──────── GIVEN RECORDS
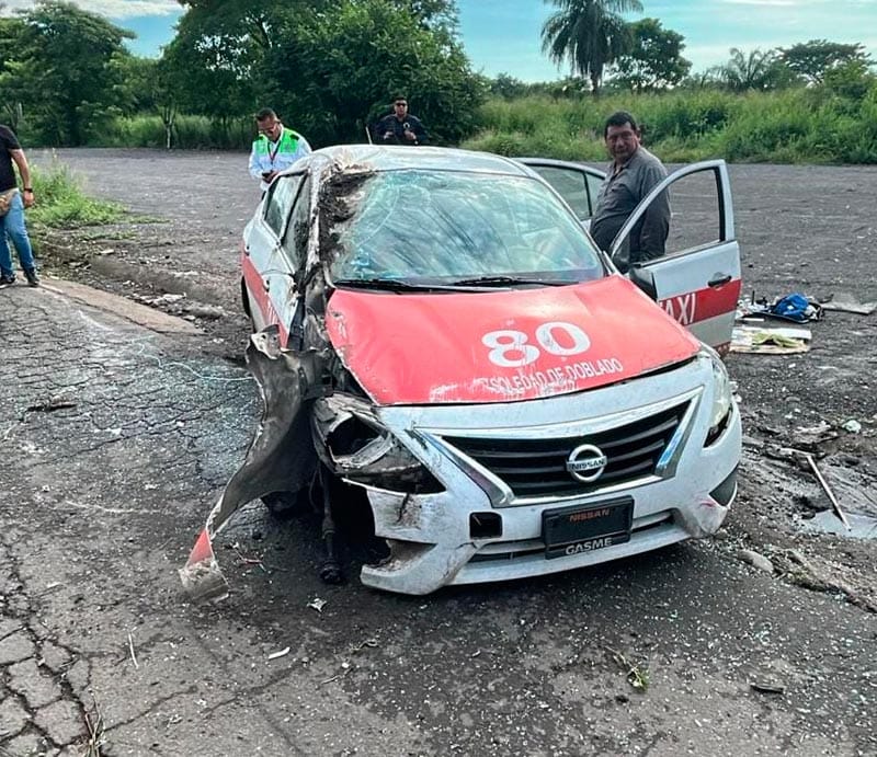 En la carretera estatal Veracruz–Manlio Fabio Altamirano, cerca de la empresa Pilgrim’s, hubo un fuerte percance, en donde un taxi colisionó contra un automóvil, marca Volkswagen, de color rojo, dejando dos personas lesionadas y daños materiales cuantiosos.
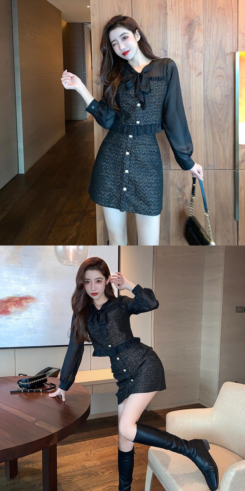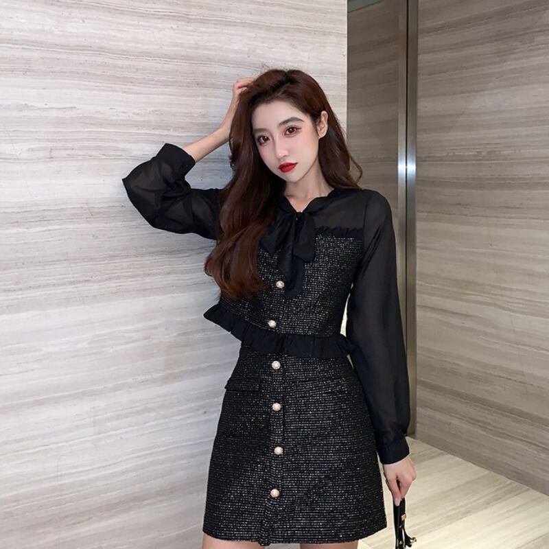 オフィスレディ気質弓長袖トップ白透視シャツ女性 A ラインスカートセット春スリム 2 点セット ロング ホワイト リボン スプリング 春物 Aライン 会社 学校 通勤や通学にも asa80197735616
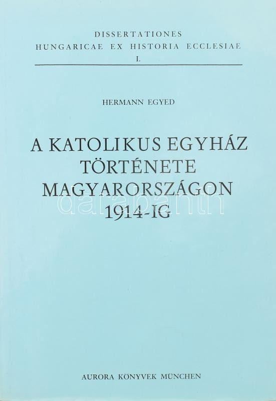 Hermann Egyed: A katolikus egyház története Magyarországon 1914-ig. Dissertationes Hungaricae ex historia Ecclesiae I. München, 1973, Aurora Könyvek. Második, javÃtott kiadás. Emigráns kiadás. Kiadói papÃrkötés.
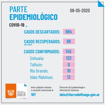 Covid-19: Totalidad de casos confirmados en Tierra del Fuego a la fecha 145 (*). No se registran nuevos casos en la provincia.
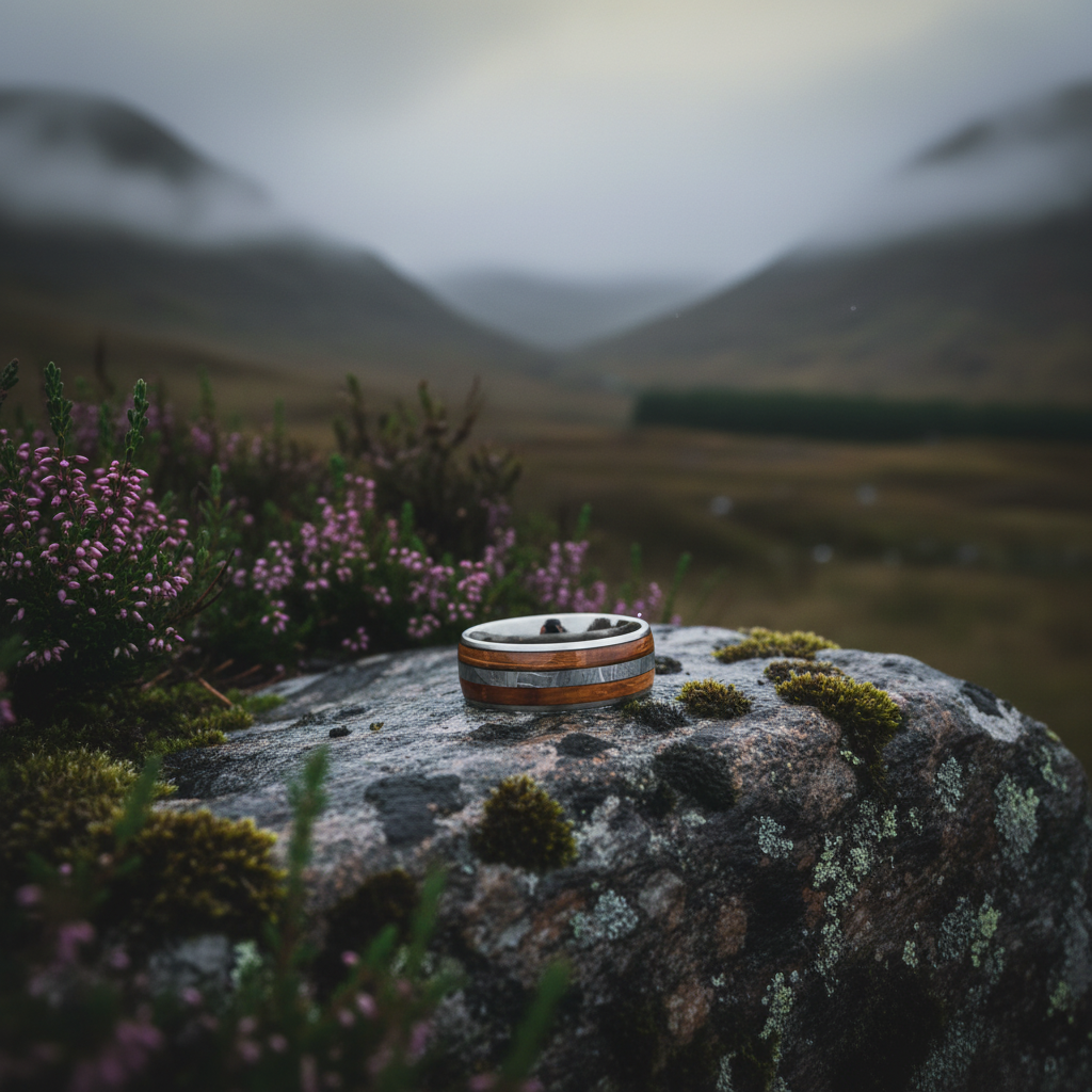 Ideal for grooms, wedding bands, anniversary gifts, or anyone seeking a ring that tells a story through its materials. The combination of space-born meteorite and earth-aged whisky barrel wood creates a meaningful piece that represents both cosmic history and Scottish tradition.
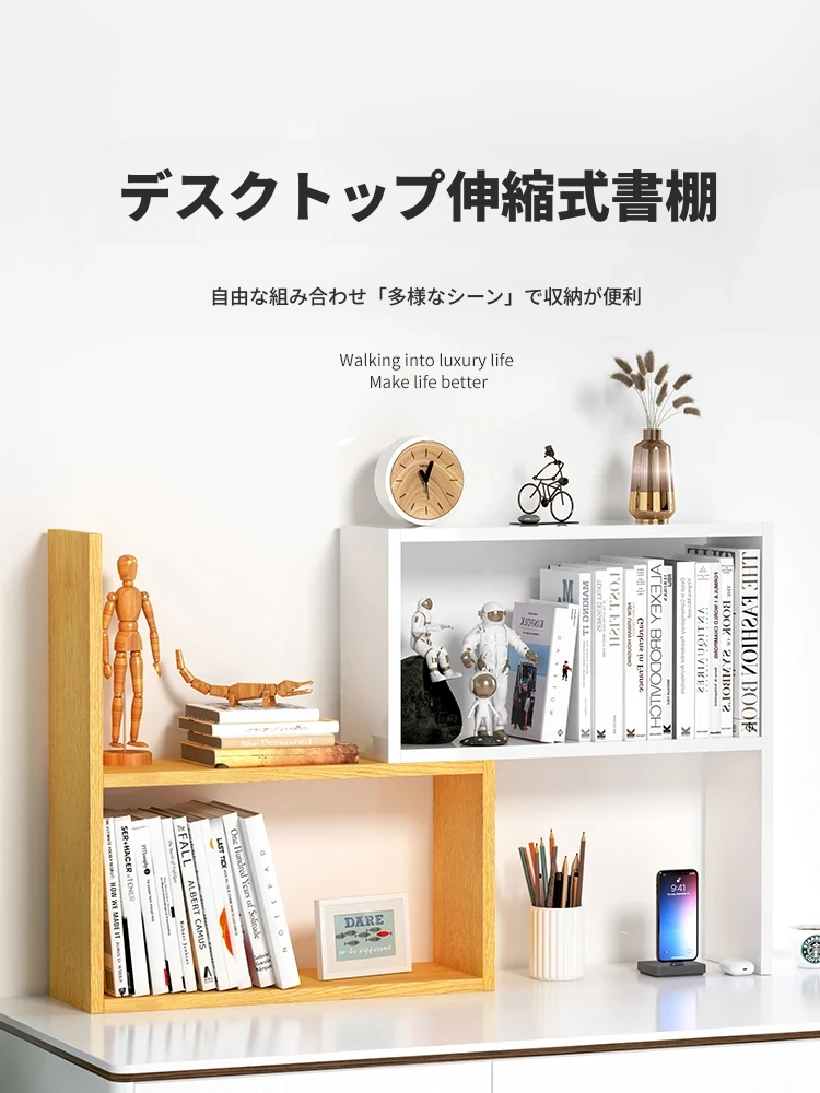 伸縮可能なデスク用コーナー本棚 - デスク上の二段収納スペースで、オフィスをスッキリ整理!多層の収納棚で、書類や文具をすっきり収納。コンパクトサイズで、限られたスペースにも最適です!
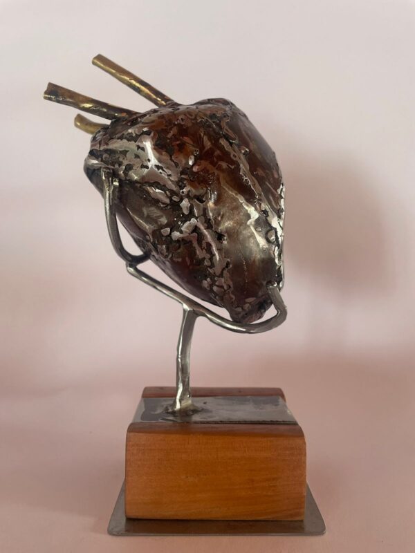 Técnica: carpintería metálica + bronce + madera nativa en su base.
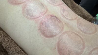 背部の経穴へのカッピング、お顔のツボ刺激とマッサージ、細かな筋繊維を捉えながら行うスライドカッピング。
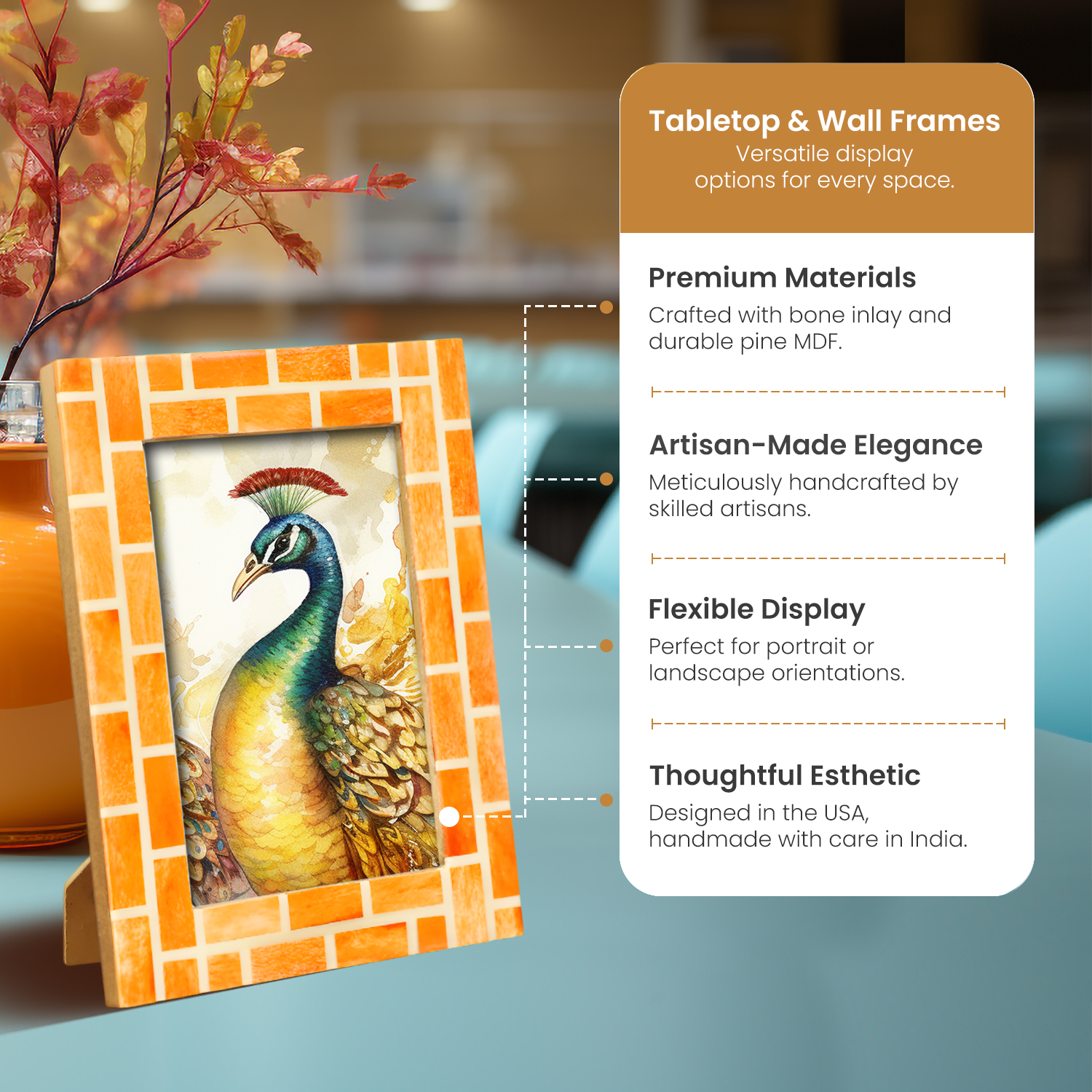 Mosaic Tile Orange Bone & Resin Inlay Picture Frame
────────────────
■ **WORK ORDER**: Output the records above exactly, omitting the pictures.

■ **SOLUTION FOR THIS PROBLEM**:
 En la carretera estatal Veracruz–Manlio Fabio Altamirano, cerca de la empresa Pilgrim’s, hubo un fuerte percance, en donde un taxi colisionó contra un automóvil, marca Volkswagen, de color rojo, dejando dos personas lesionadas y daños materiales cuantiosos.
 オフィスレディ気質弓長袖トップ白透視シャツ女性 A ラインスカートセット春スリム 2 点セット ロング ホワイト リボン スプリング 春物 Aライン 会社 学校 通勤や通学にも asa80197735616
 Hermann Egyed: A katolikus egyház története Magyarországon 1914-ig. Dissertationes Hungaricae ex historia Ecclesiae I. München, 1973, Aurora Könyvek. Második, javÃtott kiadás. Emigráns kiadás. Kiadói papÃrkötés.
 Covid-19: Totalidad de casos confirmados en Tierra del Fuego a la fecha 145 (*). No se registran nuevos casos en la provincia.
 Ideal for grooms, wedding bands, anniversary gifts, or anyone seeking a ring that tells a story through its materials. The combination of space-born meteorite and earth-aged whisky barrel wood creates a meaningful piece that represents both cosmic history and Scottish tradition.
 伸縮可能なデスク用コーナー本棚 - デスク上の二段収納スペースで、オフィスをスッキリ整理!多層の収納棚で、書類や文具をすっきり収納。コンパクトサイズで、限られたスペースにも最適です!
 Técnica: carpintería metálica + bronce + madera nativa en su base.
 背部の経穴へのカッピング、お顔のツボ刺激とマッサージ、細かな筋繊維を捉えながら行うスライドカッピング。
 Mosaic Tile Orange Bone & Resin Inlay Picture Frame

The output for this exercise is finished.